* **Brief**
Return only the lines of the data below from the line with "Imagem ilustrativa de" up to and including the line with "動きのあるシルエットが魅力!柄プリーツパンツ", exactly as written, with the pictures omitted.
----------
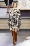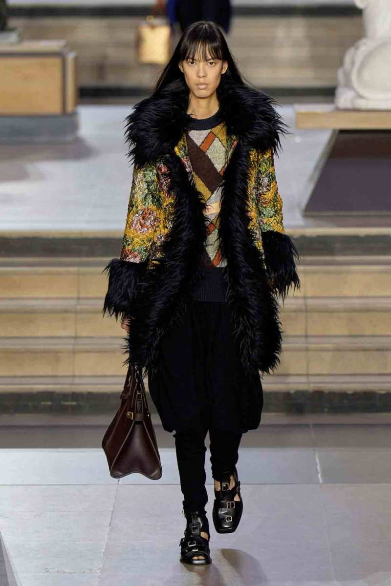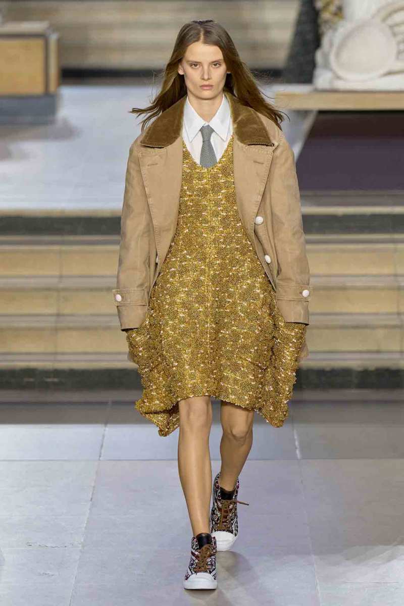 Dal tweed in oro scintillante ai maglioni con immagini punk applicate sopra e riproduzioni floreali che ritroviamo anche nei bauletti bronzo e argento con sfondo l’iconico monogram. Borse clutches dal taglio squadrato e maxi bag totes della collezione Dauphine.
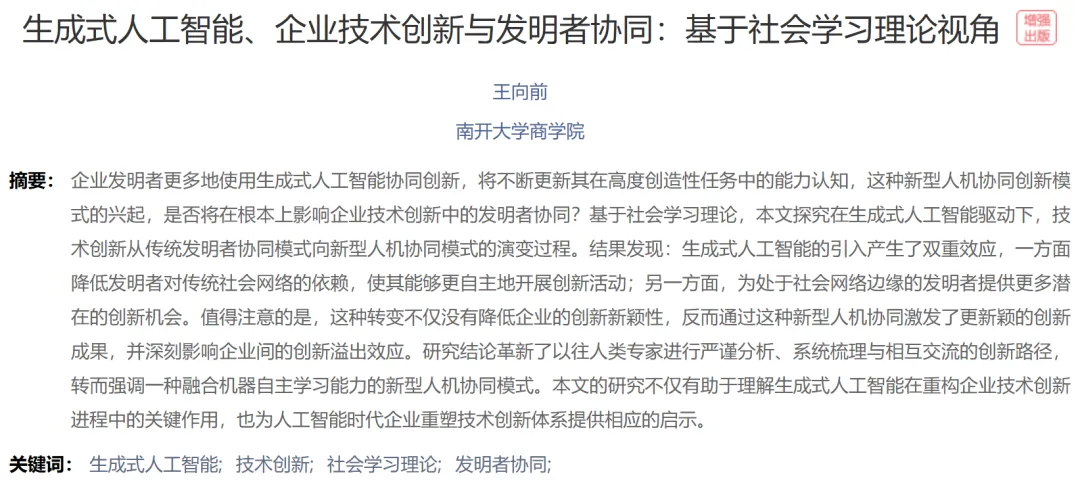 [1]王向前.生成式人工智能、企业技术创新与发明者协同:基于社会学习理论视角[J].经济研究,2025,60(09):156-176.
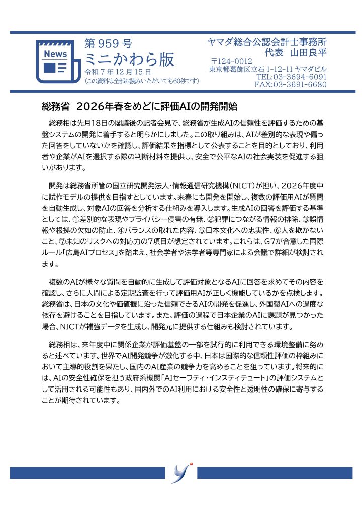 【第959号】総務省 2026年春をめどに評価AIの開発開始
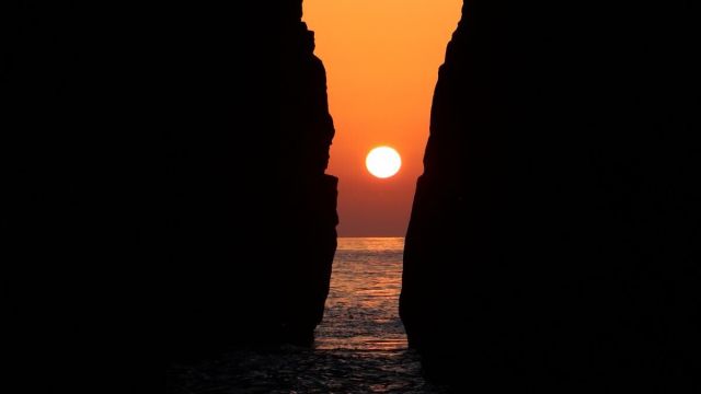 宮城県石巻市と南三陸町にまたがる景勝地の神割崎で、二つに割れた奇岩の間から昇る朝日を眺められる時期を迎えた。晴れ渡った15日には、神秘的な景観を写真に収めよ…
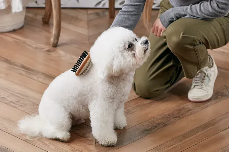 Imagem ilustrativa de uma mulher cuidando da higiene de um cachorro.
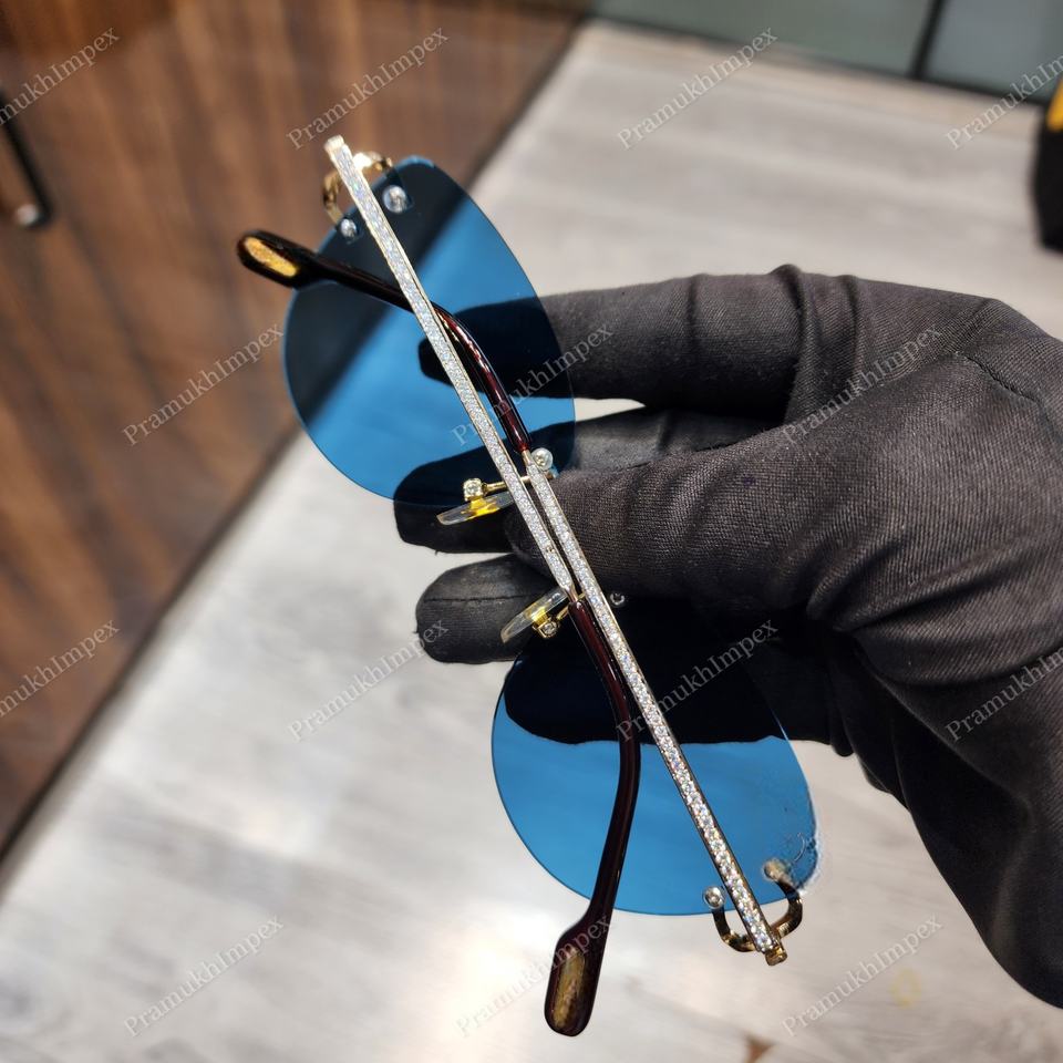 Classic Design Anti-Reflective Iced Blue Lens Moissanite Sunglasses Hip Hop Style Men Women Party Wear Customized Jewelry UV
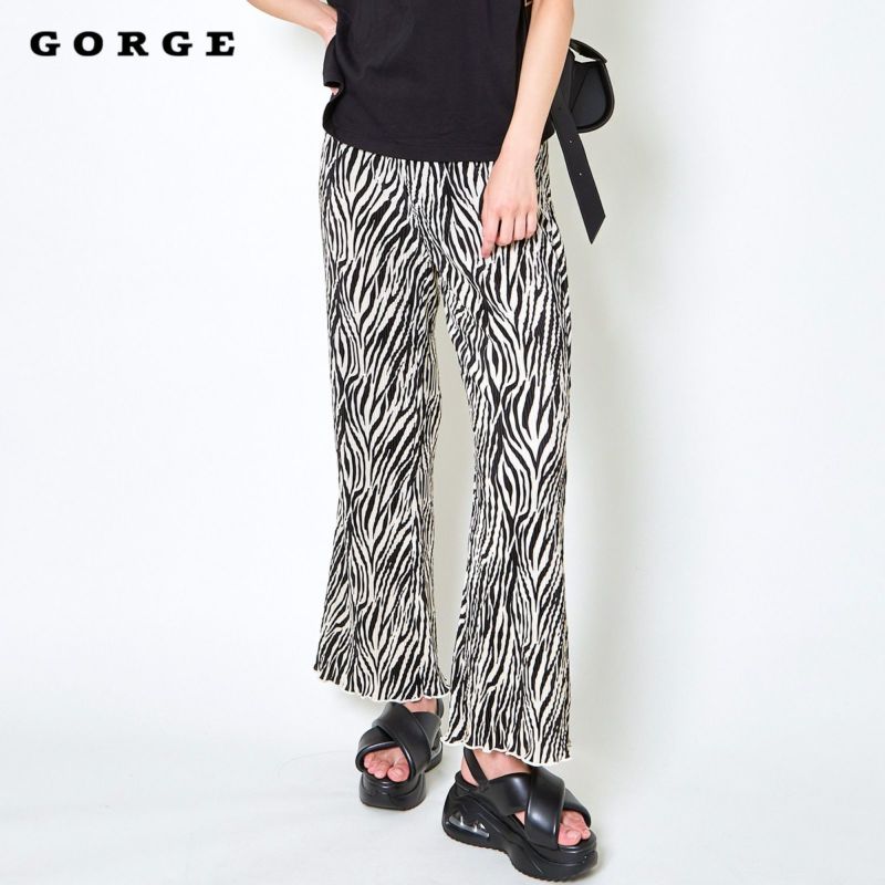 動きのあるシルエットが魅力!柄プリーツパンツ
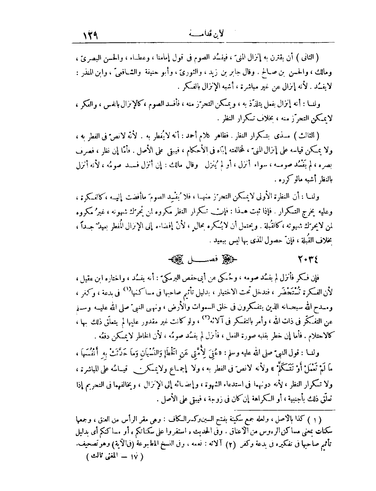 (٢٠٣٥) فَصْلٌ: فَإِنْ فَكَّرَ فَأَنْزَلَ، لَمْ يَفْسُدْ صَوْمُهُ. وَحُكِيَ عَنْ أَبِي حَفْصٍ الْبَرْمَكِيِّ، أَنَّهُ يَفْسُدُ. وَاخْتَارَهُ ابْنُ عَقِيلٍ؛ لِأَنَّ الْفِكْرَةَ تُسْتَحْضَرُ، فَتَدْخُلُ تَحْتَ الِاخْتِيَارِ، بِدَلِيلِ تَأْثِيمِ صَاحِبِهَا فِي مُسَاكَنَتِهَا، فِي بِدْعَةٍ وَكُفْرٍ، وَمَدَحَ اللَّهُ سُبْحَانَهُ الَّذِينَ يَتَفَكَّرُونَ فِي خَلْقِ السَّمَوَاتِ وَالْأَرْضِ وَنَهَى النَّبِيُّ - صَلَّى اللَّهُ عَلَيْهِ وَسَلَّمَ - عَنْ التَّفَكُّرِ فِي ذَاتِ اللَّهِ، وَأَمَرَ بِالتَّفَكُّرِ فِي آلَائِهِ، وَلَوْ كَانَتْ غَيْرَ مَقْدُورٍ عَلَيْهَا لَمْ يَتَعَلَّقْ ذَلِكَ بِهَا، كَالِاحْتِلَامِ. فَأَمَّا إنْ خَطَرَ بِقَلْبِهِ صُورَةُ الْفِعْلِ، فَأَنْزَلَ، لَمْ يَفْسُدْ صَوْمُهُ؛ لِأَنَّ الْخَاطِرَ لَا يُمْكِنُ دَفْعُهُ.
----------
* **Response**
 Imagem ilustrativa de uma mulher cuidando da higiene de um cachorro.
 Classic Design Anti-Reflective Iced Blue Lens Moissanite Sunglasses Hip Hop Style Men Women Party Wear Customized Jewelry UV
 動きのあるシルエットが魅力!柄プリーツパンツ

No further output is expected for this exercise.